*PROBLEM DESCRIPTION*
Print out the data below in full and exactly, skipping the pictures.

*DATA SHOWN*
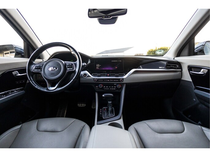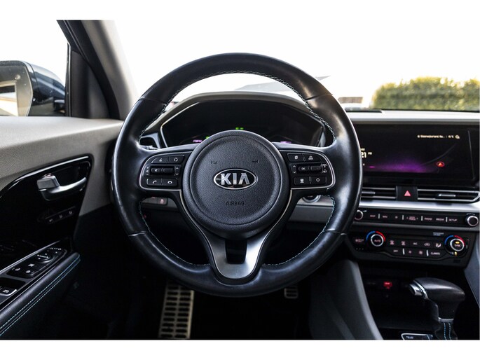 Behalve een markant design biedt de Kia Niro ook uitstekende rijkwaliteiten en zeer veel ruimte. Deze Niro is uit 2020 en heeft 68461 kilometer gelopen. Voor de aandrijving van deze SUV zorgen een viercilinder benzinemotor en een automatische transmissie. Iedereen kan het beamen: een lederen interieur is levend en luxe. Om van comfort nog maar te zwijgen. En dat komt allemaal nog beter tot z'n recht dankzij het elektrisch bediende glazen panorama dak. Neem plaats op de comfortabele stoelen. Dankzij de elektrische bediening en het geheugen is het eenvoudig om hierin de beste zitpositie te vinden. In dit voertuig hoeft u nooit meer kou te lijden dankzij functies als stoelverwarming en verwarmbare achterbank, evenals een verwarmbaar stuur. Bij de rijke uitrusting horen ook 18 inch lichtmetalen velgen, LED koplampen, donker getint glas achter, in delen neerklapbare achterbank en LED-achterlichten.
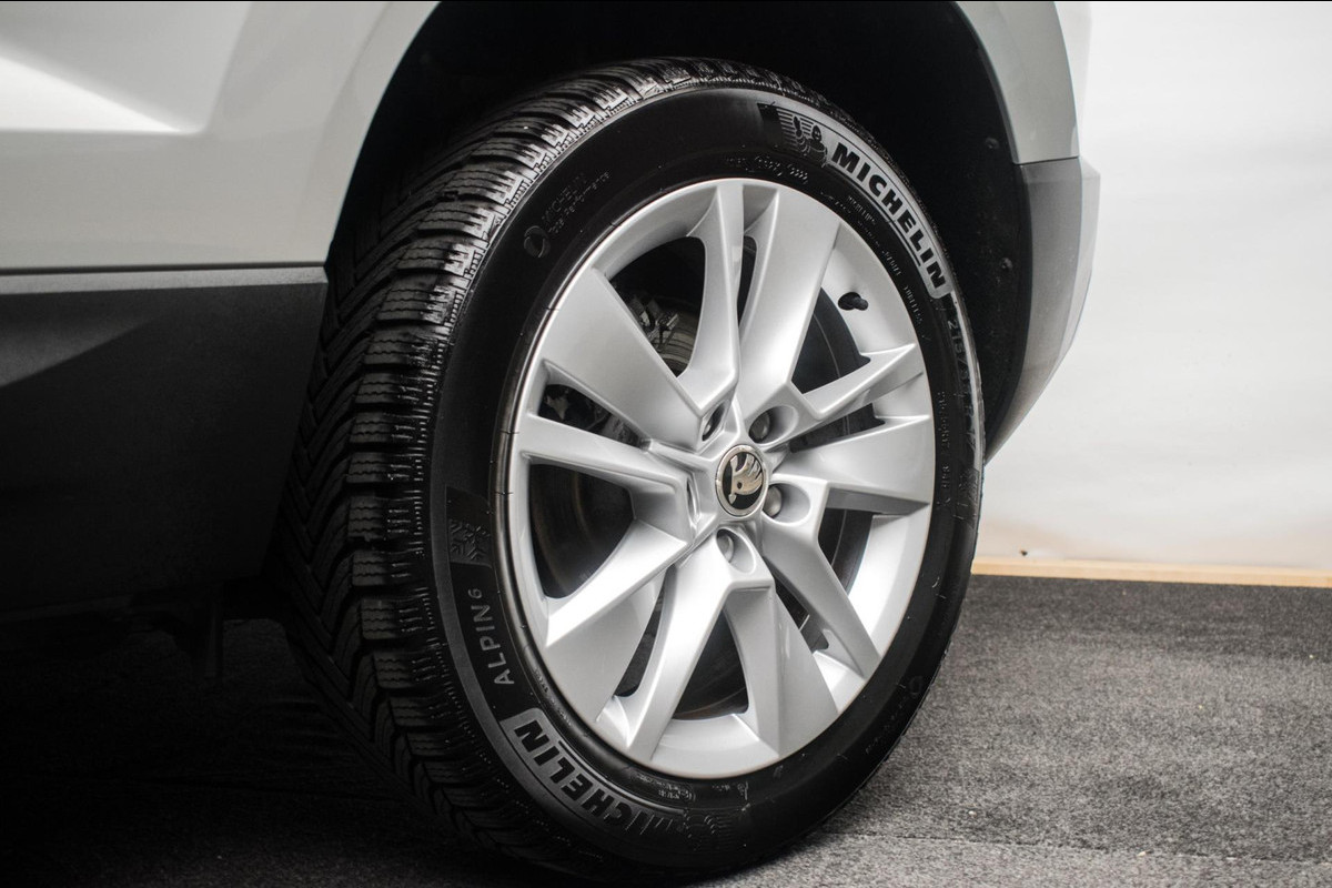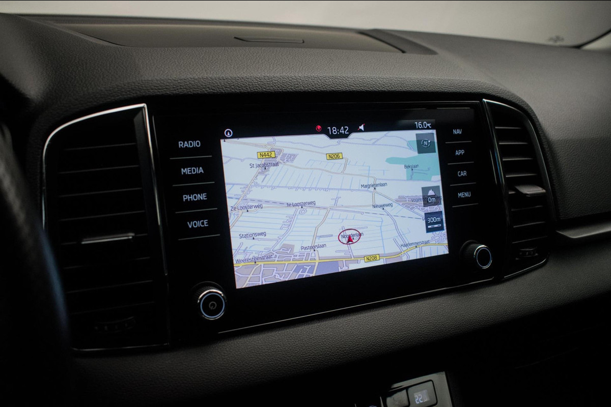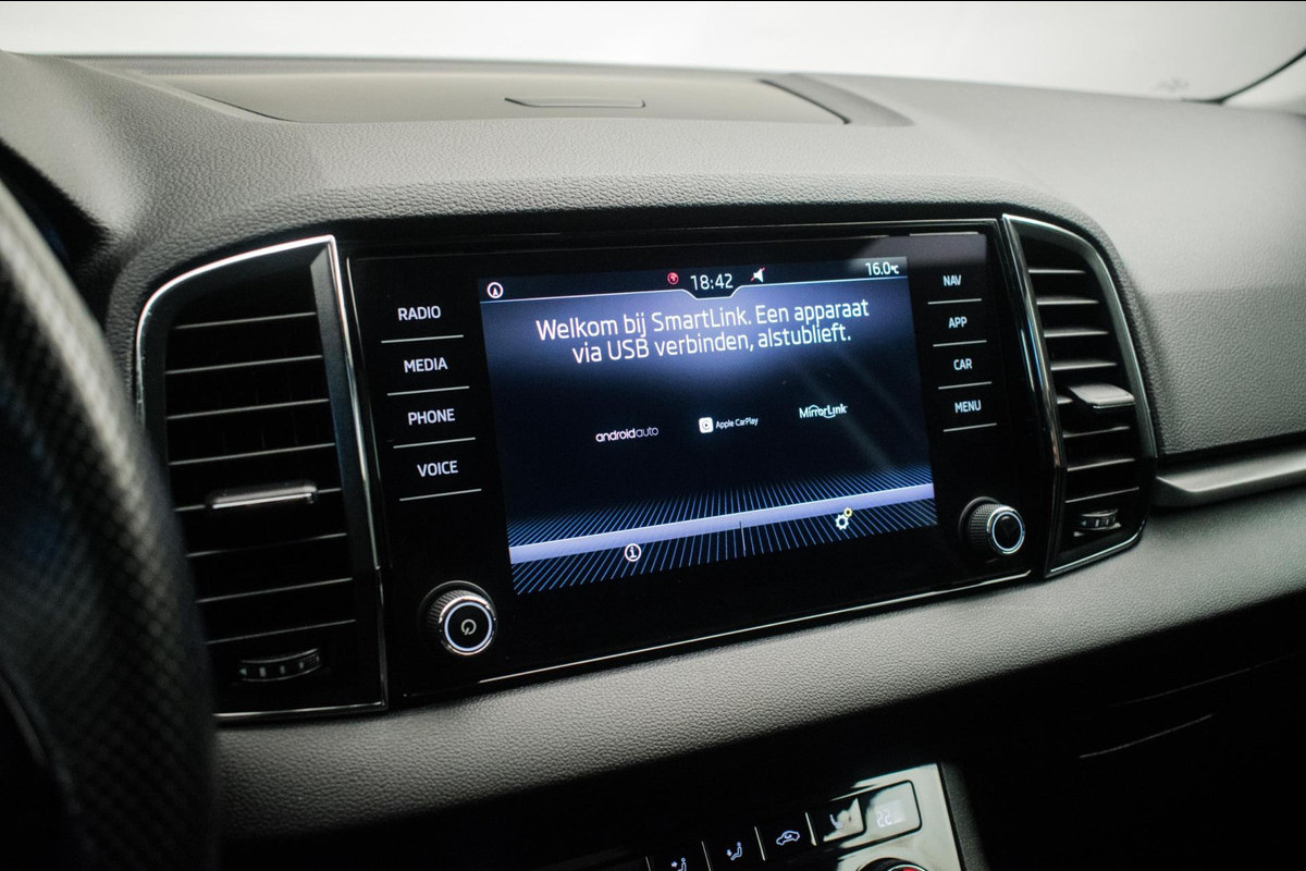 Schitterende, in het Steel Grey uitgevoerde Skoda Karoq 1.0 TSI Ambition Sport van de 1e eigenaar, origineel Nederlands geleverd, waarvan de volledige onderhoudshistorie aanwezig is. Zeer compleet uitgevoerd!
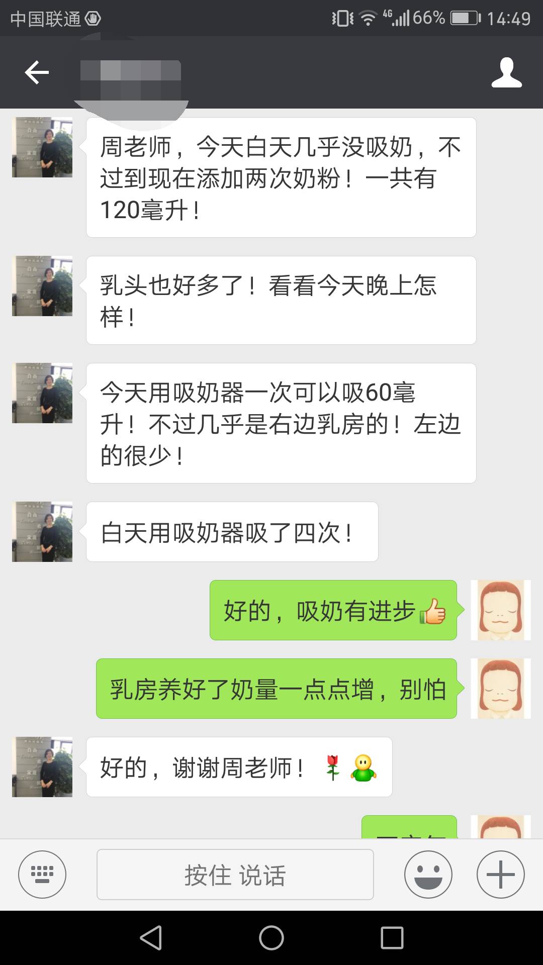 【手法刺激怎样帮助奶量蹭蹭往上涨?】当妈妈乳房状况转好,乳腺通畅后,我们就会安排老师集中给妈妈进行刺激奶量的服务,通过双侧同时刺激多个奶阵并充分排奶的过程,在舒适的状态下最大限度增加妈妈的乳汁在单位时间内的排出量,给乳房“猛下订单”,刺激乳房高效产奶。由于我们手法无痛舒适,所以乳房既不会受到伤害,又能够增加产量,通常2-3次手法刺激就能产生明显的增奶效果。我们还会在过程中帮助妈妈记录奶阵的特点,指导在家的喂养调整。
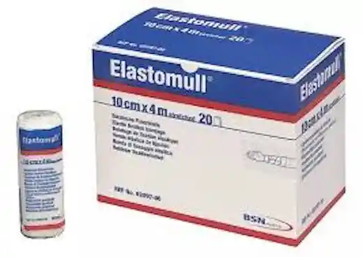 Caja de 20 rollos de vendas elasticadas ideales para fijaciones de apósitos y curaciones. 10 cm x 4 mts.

*RESPONSE BELOW*
 Behalve een markant design biedt de Kia Niro ook uitstekende rijkwaliteiten en zeer veel ruimte. Deze Niro is uit 2020 en heeft 68461 kilometer gelopen. Voor de aandrijving van deze SUV zorgen een viercilinder benzinemotor en een automatische transmissie. Iedereen kan het beamen: een lederen interieur is levend en luxe. Om van comfort nog maar te zwijgen. En dat komt allemaal nog beter tot z'n recht dankzij het elektrisch bediende glazen panorama dak. Neem plaats op de comfortabele stoelen. Dankzij de elektrische bediening en het geheugen is het eenvoudig om hierin de beste zitpositie te vinden. In dit voertuig hoeft u nooit meer kou te lijden dankzij functies als stoelverwarming en verwarmbare achterbank, evenals een verwarmbaar stuur. Bij de rijke uitrusting horen ook 18 inch lichtmetalen velgen, LED koplampen, donker getint glas achter, in delen neerklapbare achterbank en LED-achterlichten.
 Schitterende, in het Steel Grey uitgevoerde Skoda Karoq 1.0 TSI Ambition Sport van de 1e eigenaar, origineel Nederlands geleverd, waarvan de volledige onderhoudshistorie aanwezig is. Zeer compleet uitgevoerd!
 【手法刺激怎样帮助奶量蹭蹭往上涨?】当妈妈乳房状况转好,乳腺通畅后,我们就会安排老师集中给妈妈进行刺激奶量的服务,通过双侧同时刺激多个奶阵并充分排奶的过程,在舒适的状态下最大限度增加妈妈的乳汁在单位时间内的排出量,给乳房“猛下订单”,刺激乳房高效产奶。由于我们手法无痛舒适,所以乳房既不会受到伤害,又能够增加产量,通常2-3次手法刺激就能产生明显的增奶效果。我们还会在过程中帮助妈妈记录奶阵的特点,指导在家的喂养调整。
 Caja de 20 rollos de vendas elasticadas ideales para fijaciones de apósitos y curaciones. 10 cm x 4 mts.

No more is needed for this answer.